Como escolher um sistema para clínica de psicologia
A demonstração mostra o sistema no melhor dia dele. Estas são as perguntas que mostram o resto.
1. Como o preço se comporta quando a clínica cresce?
Existem dois modelos, e eles se invertem conforme o tamanho. Por clínica é um valor fixo: excelente para equipe grande, caro demais para quem atende sozinho. Por profissional acompanha o tamanho: justo para quem está começando, e precisa ter faixas decrescentes para não punir o crescimento.
A pergunta que revela o modelo: *"quanto eu pago com 3 profissionais, e quanto pago com 10?"*. Se a resposta ao dobro de gente for o dobro exato do preço, sem nenhuma faixa, a conta vai apertar justamente quando a clínica melhorar.

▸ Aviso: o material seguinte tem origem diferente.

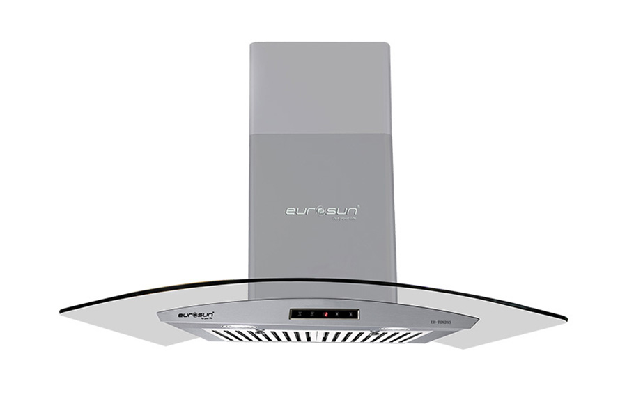 Máy Hút mùi Eurosun EH-90K26S là dòng máy hút mùi gắn tường thiết kế dạng kính cong. Thân máy inox kết hợp với kính màu dày 6mm tạo lên vẽ đẹp sang trọng hiện đại cho không gian bếp.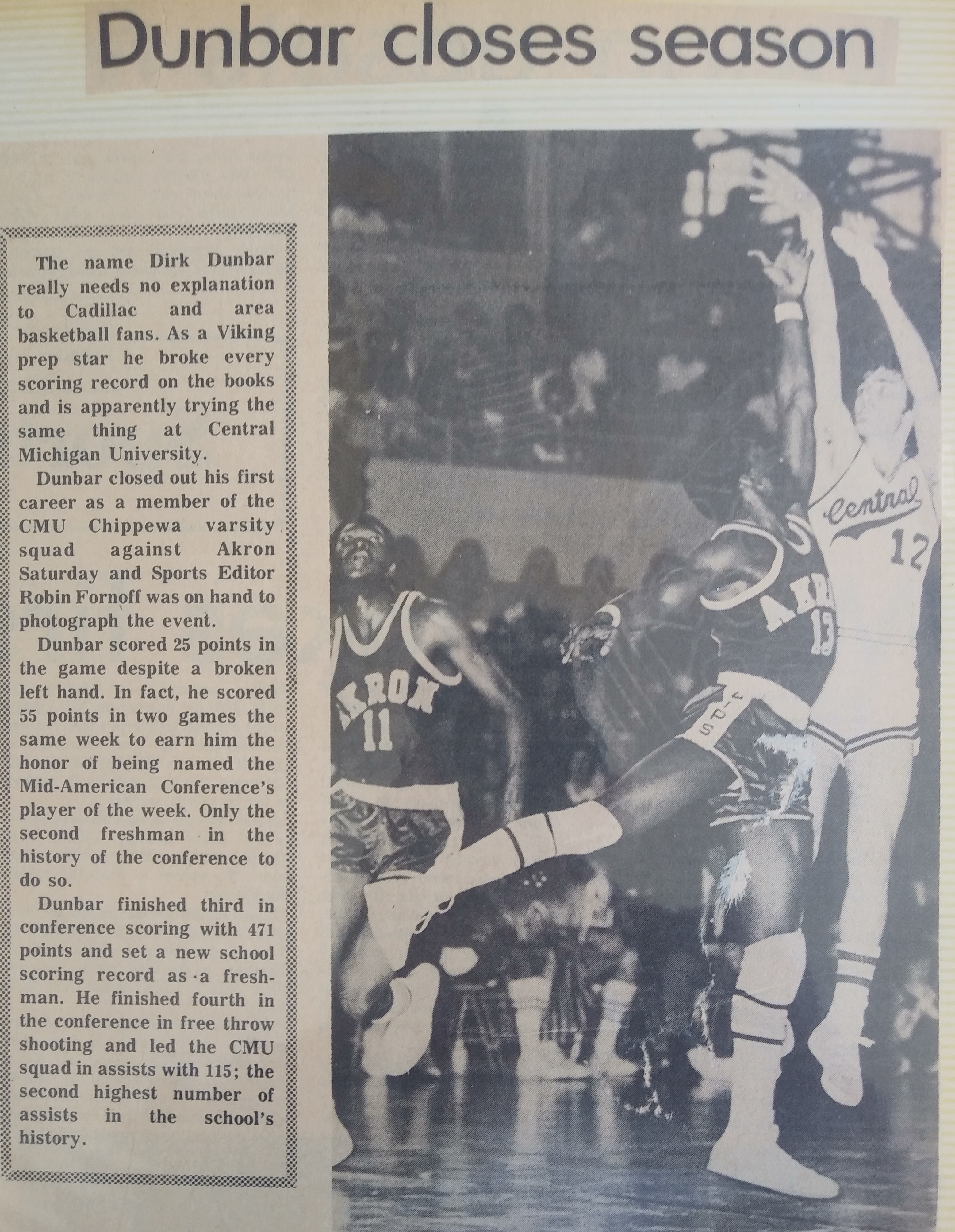 Admittedly, I was a bit disappointed early in the season, especially against weaker, non-conference opponents, because I sat too much. We lost to Calvin College (a small D2 school) and I played eight minutes but scored eight points. I had to physically stop my Dad from storming the locker room and throwing his season tickets at Coach. We also lost to Ferris State and would have lost to Wayne State had I not scored eight points in the last few minutes after sitting most of the game. But I played a lot in the Mid-American Conference games. We played Ohio U. first and I outplayed their star, Walter Luckett, who was on the cover of Sports Illustrated only days before the game. I scored 22 and had 10 assists and 8 rebounds against Illinois State, and against Eastern Illinois, I scored 12 points in limited first-half minutes but in the second half hit 9 shots in a row en route to scoring 39 for the game (including the last four that won the game). I scored 34 in a close win over Buffalo State on 12 of 19 shooting and 10 for 10 free throws while adding 6 rebounds and 6 assists. I scored 20 and dribbled out the last two minutes in a two-point win against Toledo and hit some late clutch shots and scored 21 in a one-point win against Kent State. In our last conference game, I snapped my fourth metacarpal in my left hand in the first half against Western Michigan, got taped up, and was instrumental in our two-point win. The following two games, the last of the season, I played with a cast wrapped with foam padding and scored 30 points (16 in the last four minutes) against Northern Illinois, 25 versus Akron, and was named MAC player of the week.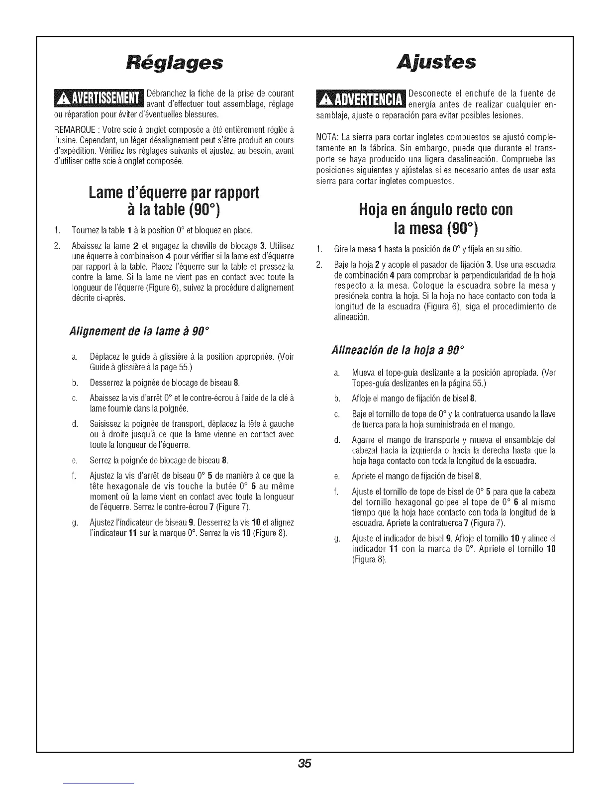REMARQUE: Votre scie b,ongletcompos@a 6t6 enti_rementr6gl@ b,

Cuidado com o limite disfarçado de plano: "até 200 pacientes" ou "até 500 atendimentos por mês" não é preço, é teto — e o teto chega sem aviso, no meio do mês.
2. Quem consegue abrir o prontuário?
Esta é a pergunta que separa software de saúde de software genérico de agendamento. Prontuário não é dado administrativo: o sigilo é obrigação do profissional, não preferência de configuração.
Pergunte especificamente: *a recepção consegue ler a evolução?* Se a resposta for "depende da permissão que você configurar", o sigilo virou uma caixinha que alguém pode marcar por engano. E pergunte também o que acontece quando a administração precisa acessar — deve haver caminho, mas com registro de quem abriu e quando.
3. A evolução assinada pode ser reescrita?
Registro que se altera depois de pronto não vale como registro. Um sistema sério separa rascunho — editável, apagável — de documento assinado, que fica como está.
Se tudo é sempre editável, o prontuário é um bloco de notas com nome bonito.
4. Como eu levo meus dados embora?
Faça esta pergunta antes de assinar, não depois de querer sair. A resposta boa é uma exportação que você mesmo dispara, a qualquer momento, em formato que abre fora do sistema. Respostas ruins: "abra um chamado", "temos uma taxa", ou o silêncio.
O dado é da clínica e do paciente. Um sistema que dificulta a saída está te cobrando pela permanência, não pelo produto.
5. O que não está no preço da página de preços?
Pergunte item por item, porque cada um destes já apareceu como cobrança separada em algum sistema do mercado:
- ✓
Implantação, treinamento e migração dos dados
- ✓
Mensagem enviada ao paciente — por mensagem, por pacote ou fixo
- ✓
Usuário de recepção e de administração (deveriam ser livres)
- ✓
Emissão de documento, laudo ou relatório
- ✓
Suporte fora do horário comercial
- ✓
Multa por cancelamento antes do fim do contrato
6. Quem responde quando dá problema?
Numa clínica pequena, sistema parado é agenda parada. Pergunte por qual canal você fala, em quanto tempo respondem, e — a mais reveladora — *quem* responde: alguém que conhece o produto ou um atendimento em camadas que repassa o chamado.
7. Teste com dado de verdade, não com a demonstração
A demonstração é a versão ensaiada. O que revela o sistema é usar uma semana real: cadastre um paciente com nome comprido, marque um encaixe em cima da hora, registre um pagamento parcial, um convênio, uma falta. É no caso torto que o software mostra do que é feito.
Se o teste exigir cartão de crédito na entrada, considere isso parte da resposta à pergunta 4.
Onde o PsicoSys não é a melhor escolha
Ele é feito para clínica de saúde mental e bem-estar — psicologia, nutrição, neuropsicologia, psiquiatria, fonoaudiologia, terapia ocupacional. Quem precisa de prontuário médico com prescrição, integração com laboratório ou faturamento hospitalar vai achar o sistema estreito, e com razão: ele não foi feito para isso.
Rede com mais de quinze profissionais também sai do preço automático e vira conversa — o que pode ser exatamente o que você quer, ou exatamente o que você não quer.
Perguntas frequentes
Preço por profissional ou por clínica: qual sai mais barato?
Depende do tamanho, e o ponto de virada é o que interessa. Por clínica costuma compensar em equipe grande; por profissional compensa em equipe pequena e média, desde que existam faixas decrescentes. Faça a conta com o número de profissionais que você tem hoje e com o que espera ter em um ano.
Sistema genérico de agendamento serve para clínica de psicologia?
Serve para marcar horário. O que costuma faltar é o resto: prontuário com sigilo por profissional, evolução assinada que não pode ser reescrita, repasse por atendimento e retenção compatível com o prazo de guarda do prontuário.
Quanto tempo leva para a equipe se acostumar?
A parte da recepção costuma ser rápida, porque a rotina é a mesma. O que exige hábito novo é o registro da evolução — e aí ajuda muito o sistema mostrar as pendências em vez de esperar que cada um lembre.